Another important characteristic of .NET and Java rich client apps vs. rich web apps has to do with memory management. The CLR runtime and Java JVM have sophisticated automatic garbage collection with heap compaction. Because the heap is compacted, it is periodically being restored to pristine condition. Long term heap fragmentation is thus not a factor. The .NET rich client forms app referred to above is constantly adding and removing objects on its local cache yet is capable of running indefinitely. That is exactly what its users do - they leave it up and running 24/7.

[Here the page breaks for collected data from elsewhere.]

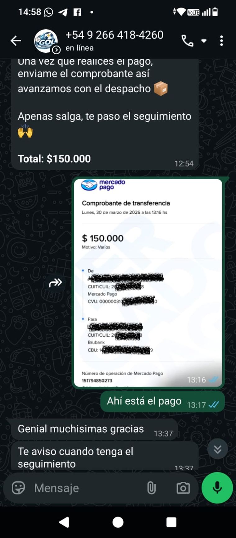 Ese "¿Estás seguro?" encendió las luces de alerta. En los 16 kilómetros que separan a Diego de la escuela de sus hijos, no paró de pensar en lo que había hecho. "¿Y si me estafaron?", una y otra vez. Antes de la salida del colegio, el comprador se volvió a comunicar con "Gol Argentino": "¿A qué hora más o menos creés que despachás el pedido?". Una media hora después llegó la respuesta: "Estoy esperando al cadete. No debe tardar más de 20 minutos en llegar".
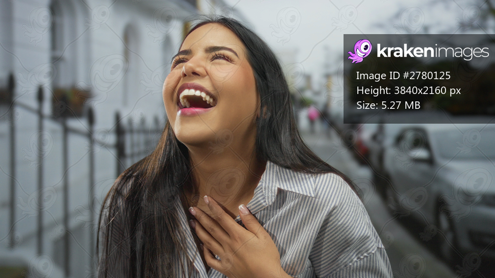 Young woman with long hair laughing joyfully on a street with cars and houses, showcasing happiness and vibrant energy in an urban outdoor setting.
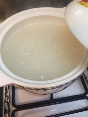 砂锅水开后加入冷冻过的大米。Ps:皮蛋粥请选择砂锅,皮蛋会腐蚀铁锅的,没有也可用其他代替!
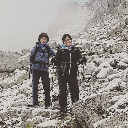 Als erstes steht ein reiches Wanderfrühstück bereit, wir freuen uns und lassen es gemütlich angehen. Denn der Abstieg ist zur Zeit nicht möglich. Die Nacht durch hatte es geschneit und die Temperaturen sind stark gefallen so dass die Steine rutschig und eisig waren. Da die Sonne schien mussten wir bis ca. 10.00Uhr warten bevor wir es wagen konnten.
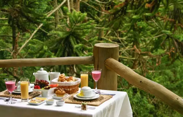 Outro diferencial é o café da manhã, entregue no chalé em horário escolhido pelo hóspede. Ele é personalizado, preparado e servido pelos proprietários, e conta com uma grande variedade de itens artesanais e orgânicos, a maioria de produtores locais, podendo ser também apreciado na varanda, onde os únicos sons ouvidos são dos pássaros e do ribeirão que corta a propriedade de 26 mil m².
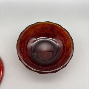 Fenton LG Wright Ruby Red Amberina Grape Design Candy Dish

The HTML DOM and JavaScript memory management system of web browsers is not as sophisticated. I find both FireFox and IE browser are incapable of running indefinitely - eventually their heaps just get too fragmented and they become sluggish. Because JavaScript in such environments is likely to use a simple reference counting approach (ala Perl prior to the 6.0 rewrite effort), there tends to be more problems with orphaned objects (reference counting is more prone to go awry). So with .NET and Java it's very nice to use a programming technology base that makes it trivial to create applications that can run indefinitely. (The objects that need to be deterministically cleaned up are prominent resources in an app design such that one adds the explicit code to deal with that. After several years of developing with .NET and Java I only experienced orphaned objects when was first learning to work with JDBC drivers. I've been well on guard toward deterministic resources ever since.)

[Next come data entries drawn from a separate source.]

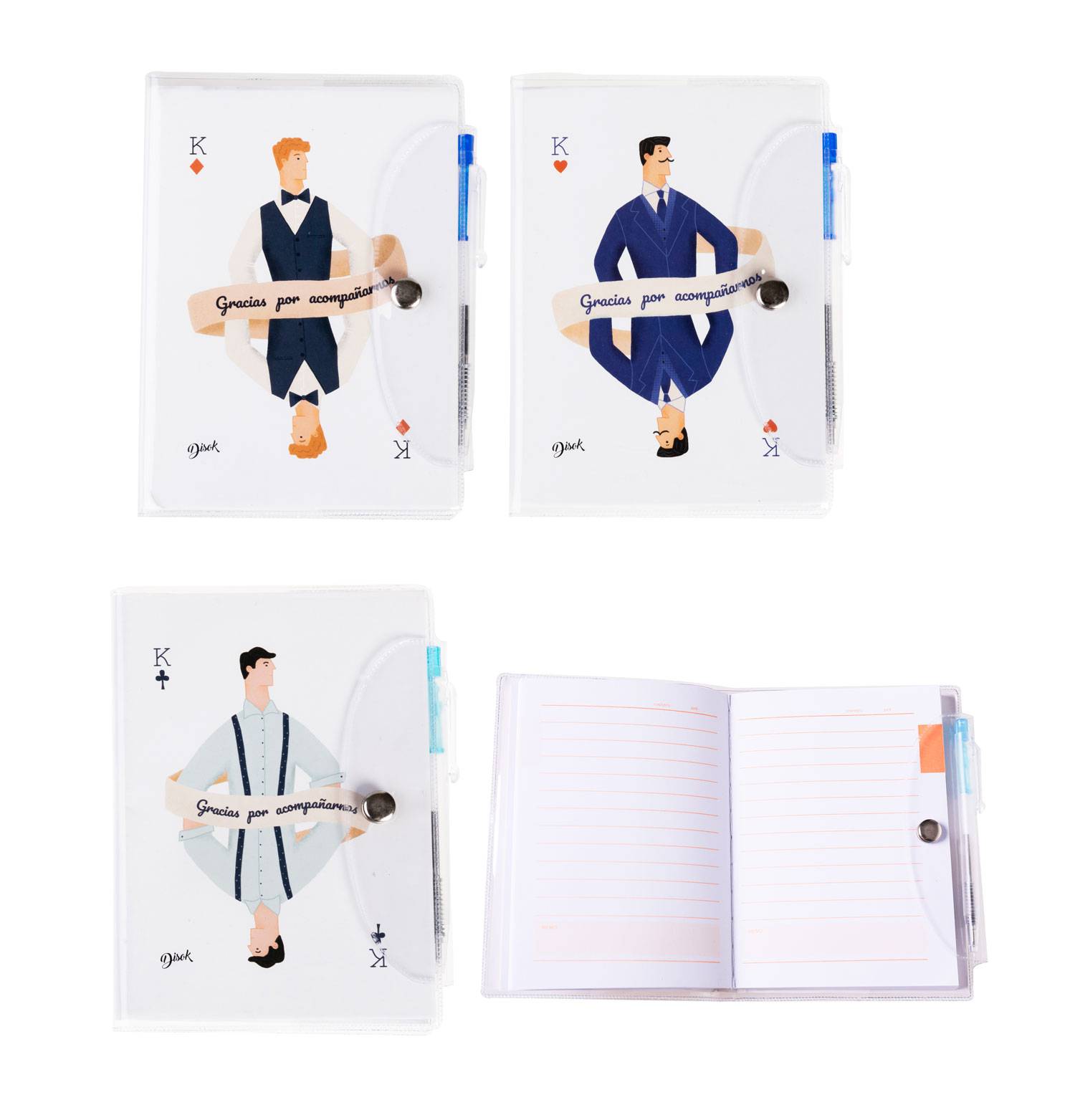 Libreta de pvc con tres diseños de caballero inspirado en una baraja de cartas.
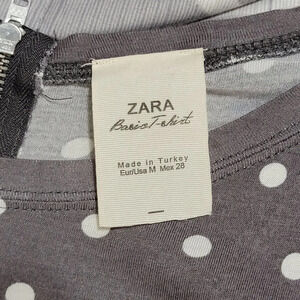 Zara Basic Long Sleeve T-Shirt Gray White Polka Dot Zipper Back Pullover Tee :
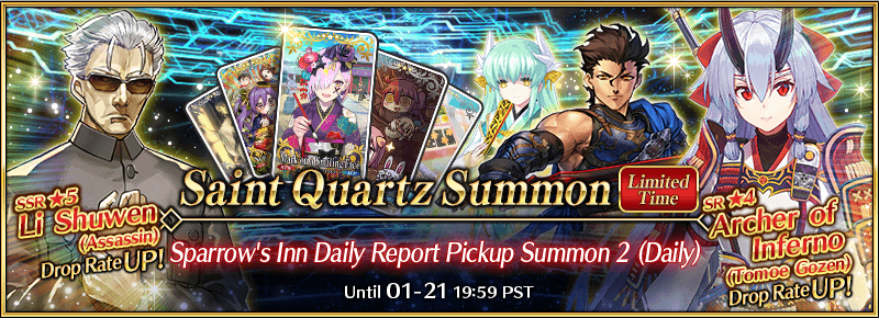 * Li Shuwen (Assassin) will be available from Story Summon beginning at 2021-01-07 20:00 PST for Masters who have cleared Lostbelt No.3.
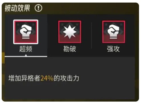 被动技能为增加异格者的属性,可能是固定数值或是百分比,相较于装备词条,还会有百分比增伤、减伤以及速度等特殊属性。被动技能可以后续消耗资源进行单个无限次重构,也就是"洗",重构不仅随机属性种类,也随机属性的级别,比如蓝色百分比攻击3%,红色为7%。此外,被动技能也可以由一件智壳,连同等级和突破一同继承给另一件智壳。
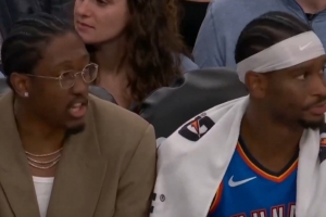 比賽最后時(shí)刻,鏡頭給到板凳席上的雷霆眾將,亞歷山大和仍在養(yǎng)傷的杰倫-威廉姆斯神同步。
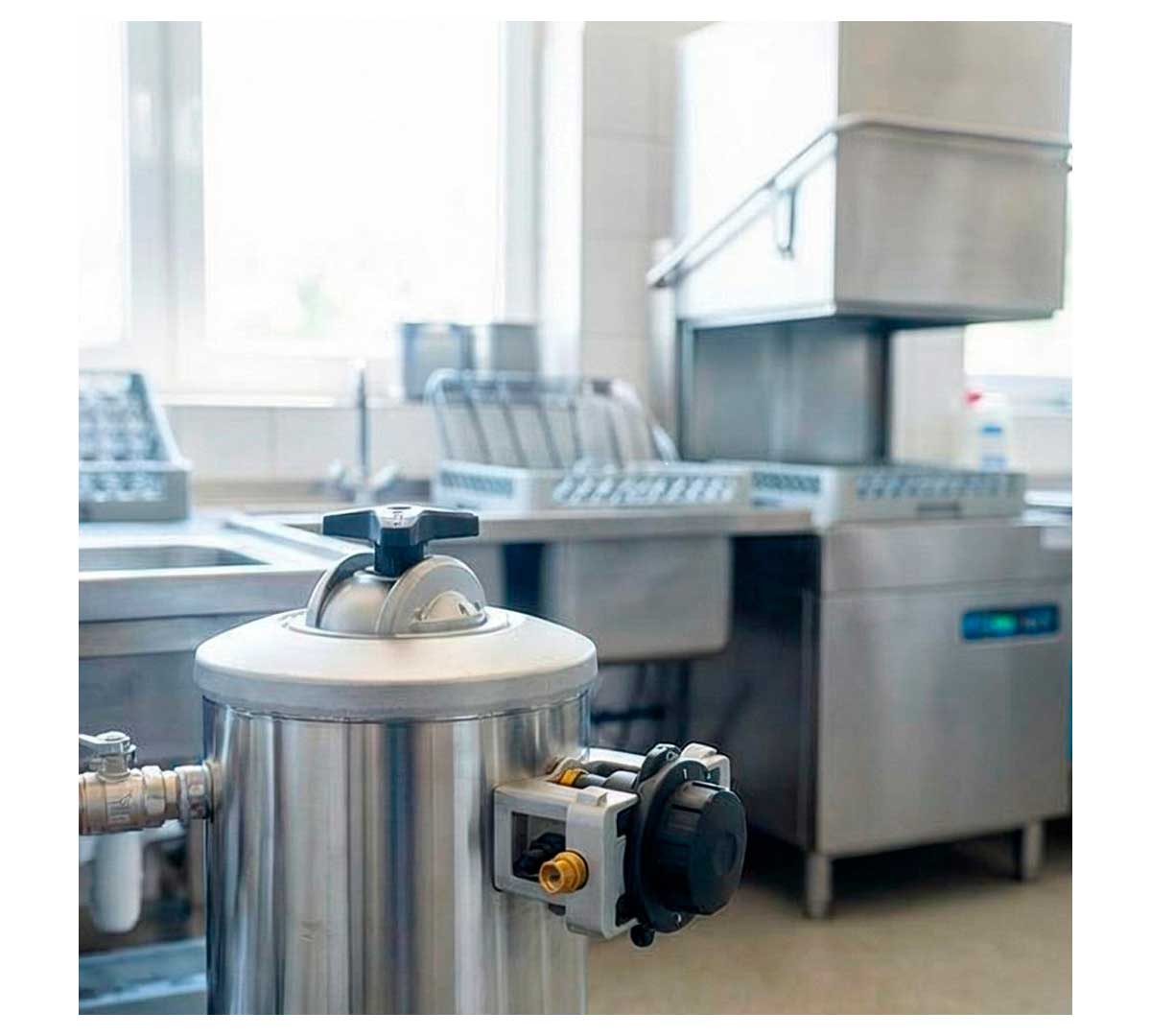 El Descalcificador By-Pass de GEV está diseñado para el descalcificado del agua utilizada para alimentar máquinas. Ideal para máquinas de hielo, lavavajillas, hornos, etc.
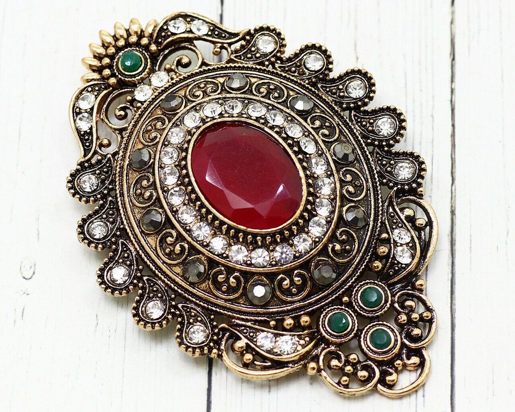 Красивая брошь восточного стиля из специального гипоаллергенного ювелирного сплава,который покрыт золотом или устойчивым родиевым покрытием, предотвращающим раздражение кожных покровов.
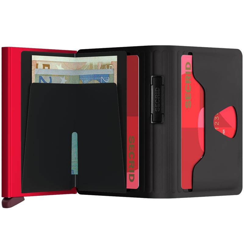 Kortskyddet är hjärtat i SECRID wallet. Genom att skjuta en liten spak åt sidan, förs dina kort ut ur kortskyddet i en överlappande sekvens. Detta kan du göra utan att ens öppna övriga delar av din plånbok och du hittar snabbt det kort du vill använda. Du plockar endast fram ett kort när du ska betala och så länge de andra finns kvar i aluminiumskalet, kan obehörig utrustning inte läsa av korten. Risken minimeras på detta vis ytterligare.

What's really sobering to me about this is that the AJAX rich web app development I did way back in 2000-2001 is very simplistic in comparison to the server-side web app development framework stuff that goes on today. With todays frameworks there are tons of moving parts and interacting technology concepts to learn. Compared to the triviality of my .NET rich client distributed app architecture, it all blows me away what the elite web developers have wrought. And yet in the final analysis a rich client app can still be far more sophisticated in its behavior (most of which is non-visible behind the scenes stuff) than even the most gifted AJAX-style web app. Traditional rich client apps may seem like dumb and old fashioned technology to some but the best rich client apps still surpass the best rich web apps in overall user experience. And frankly, the old-fashioned rich client app really is less difficult to build - despite all of today's conventional wisdom that harps that web pages are brain dead easy and everything should be built as a web page. Every once in a while conventional wisdom is just plain screwy.

Yes, the nature of the Internet tends to pretty much compel a thin client approach. Yet if one is building an intranet distributed application, it is worth pausing and considering if the web app approach is necessarily always the best approach.